I am trying to replicate the Google Analytics UTM builder in Google Sheets. I have a formula I use elsewhere that works on just under 50% of the use cases but needs some additional regex adding to it.
=ARRAYFORMULA(IF(ISBLANK(A2:A),"",CONCAT(REGEXREPLACE(A2:A, "(/[^/]+)(?:/(?:\?|ref=)[^/]*)?$", "$1/"),"&utm_source=cpc&utm_medium=mysite")))
Here is a Google Sheet showing the examples and result in column D. The formula with regex in it is partially working on the supplied data.
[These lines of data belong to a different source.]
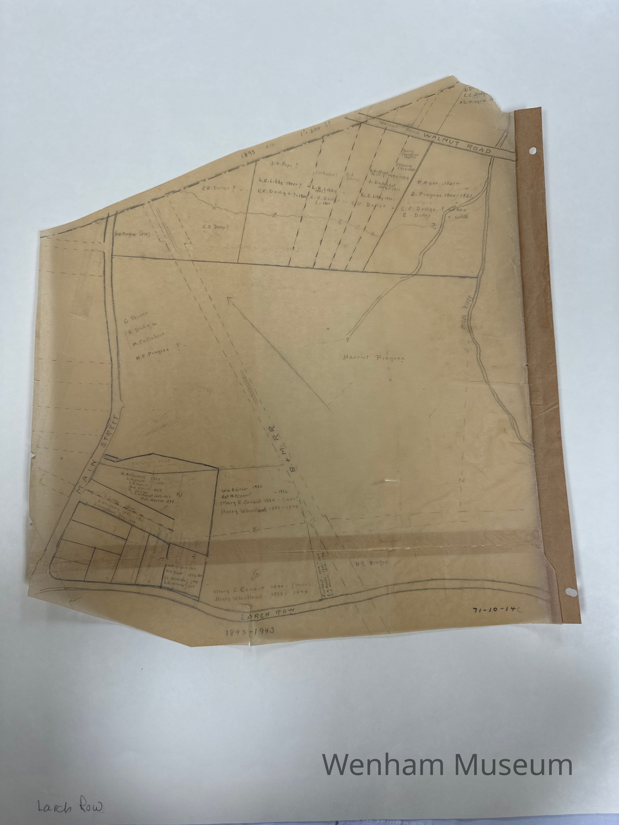 Four small maps triangular shape in pencil probably prepared by Ruth Torrey. Portion of land brodered by Main Street and Larch Row. 1743-1793, 1793-1843, 1843-1893, 1893-1943.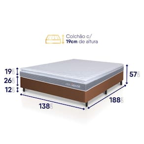- Altura: 45 cm (colchão) + 12 cm (box) = 57 cm de altura;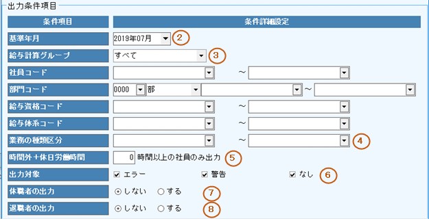 出力する場合、退職日が起算月から基準年月の間の社員が出力されます。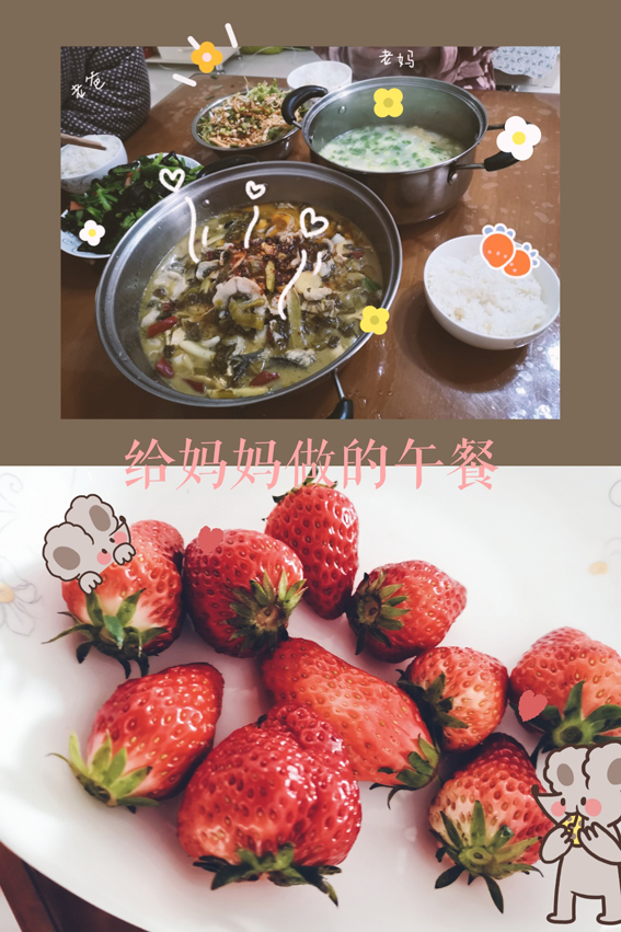 “制作”——心灵手巧的同学们,或是制作一张张简单的小贺卡,或是亲力亲为做一桌丰盛的佳肴,或是写一封信送给自己的妈妈。每一份礼物都流露着对母亲的感恩。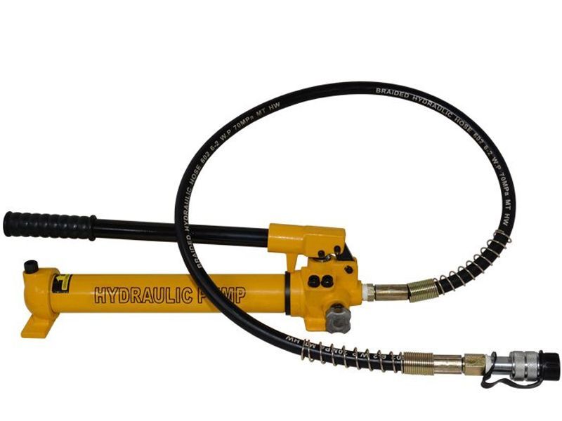 Насосы ручные гидравлические односторонние TOR HHB серия 700 с двухступенчатой конструкцией. Насос гидравлический применяется в качестве привода для различного гидравлического оборудования: домкратов, гидравлических опрессовщиков, гидроцилиндров одностороннего действия, прессов и других устройств. Соединение: быстроразъемное R2 3/8 с пылезащитным колпачком TOR HHB-700 - укомплектован рукавом высокого давления длиной 1,8 м TOR HHB-700A - укомплектован рукавом высокого давления длиной 1,8 м. Увеличенный резервуар для масла. Полезный объем масла -2700 см3. TOR HHB-700B - укомплектован рукавом высокого давления длиной 1,8 м, манометром, переходником для манометра. TOR HHB-700C - укомплектован рукавом высокого давления длиной 1,2 м. TOR HHB-700E - укомплектован рукавом высокого давления длиной 1,8 м. Увеличенный резервуар для масла. Полезный объем масла -2000 см3.Преимущества насоса серии HHB: - Прочный и компактный. - Двухступенчатая гидравлическая система для быстрой и легкой работы. - Легкий ход рычага для минимизации усталости оператора. - Удобный вентиль сброса давления увеличенного размера. - Внутренний клапан сброса давления для защиты от перегрузки.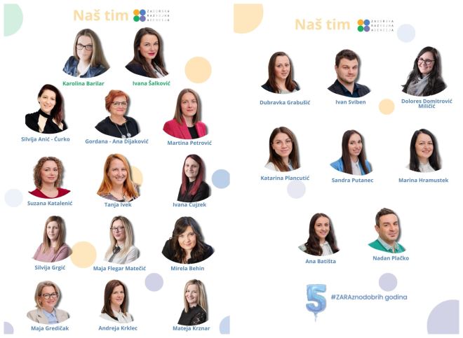 ZARA danas zapošljava 22 djelatnika, a to je tim kreativnih i inovativnih pojedinaca koji svojom individualnošću oblikuje jedinstvenu kulturu Agencije. Vizija tima je bila da Zagorska razvojna agencija bude pokretač održivog razvoja Krapinsko – zagorske županije, dok danas teži tome da bude partner izvrsnosti i kreativnosti koji oblikuje održivi razvoj županije. Ako ste se pitali što to Agencija točno radi, njena ravnateljica, Karolina Barilar, to je konkretnije objasnila: ˝Mi smo ti koji brinemo da ne nedostaje neki papir˝.

A copy can be made with File > Make a Copy.
Having unminified the JS file used on the Google Dev Tools page there appears to be a regex function that I think Google is using to perform the string builder, but the format is different to how it is used in Google Sheets.
f = function(e) {
var t = e.replace(".", "\\.");
return h("^(?:https?://)?(:?" + t + ")(?:$|[/?#])")
},
If you have a look at rows 5 to 8 in the Google Sheet, it might just be a tweak needed to the existing formula to cope with adding the string to cells with file extensions and performing no action if a UTM string is already present.
EDIT The existing formula containing regex adds the string "&utm_source=cpc&utm_medium=mysite" to the end of the cells The list below shows the ORIGINAL url, with the REQUIRED result afterward
https://www.aol.com/?utm_source=cpc&utm_medium=mysite
(Standard URL with no file extensions, so a / is added and the UTM string appending. STATUS: WORKING)
https://aol.com/?utm_source=cpc&utm_medium=mysite
(Standard URL with no www or file extensions, so a / is added and the UTM string appending. STATUS: WORKING)
https://www.aol.com/?utm_source=cpc&utm_medium=mysite
(Standard URL with no file extensions, but a ending / is present, so this is not added and the UTM string appended. STATUS: WORKING)
https://www.aol.com/index.html
https://www.aol.com/index.html?utm_source=cpc&utm_medium=mysite
(File extensions exist, so by adding a / to the end along with the UTM string appended it breaks. STATUS: FAILING. It required no / on file extensions)
https://www.aol.com/index.php?utm_source=cpc&utm_medium=mysite
(Another type of file extension exists(of which there will be hundreds), so by adding a / to the end along with the UTM string appended it breaks. STATUS: FAILING. It requires no / on file extensions)
http://www.asos.com/puma/puma-suede-classic-black-trainers/prd/3272954
(This string uses a product ID, so by adding a / to the end along with the UTM string appended it breaks. STATUS: FAILING. It required no / on Product IDs)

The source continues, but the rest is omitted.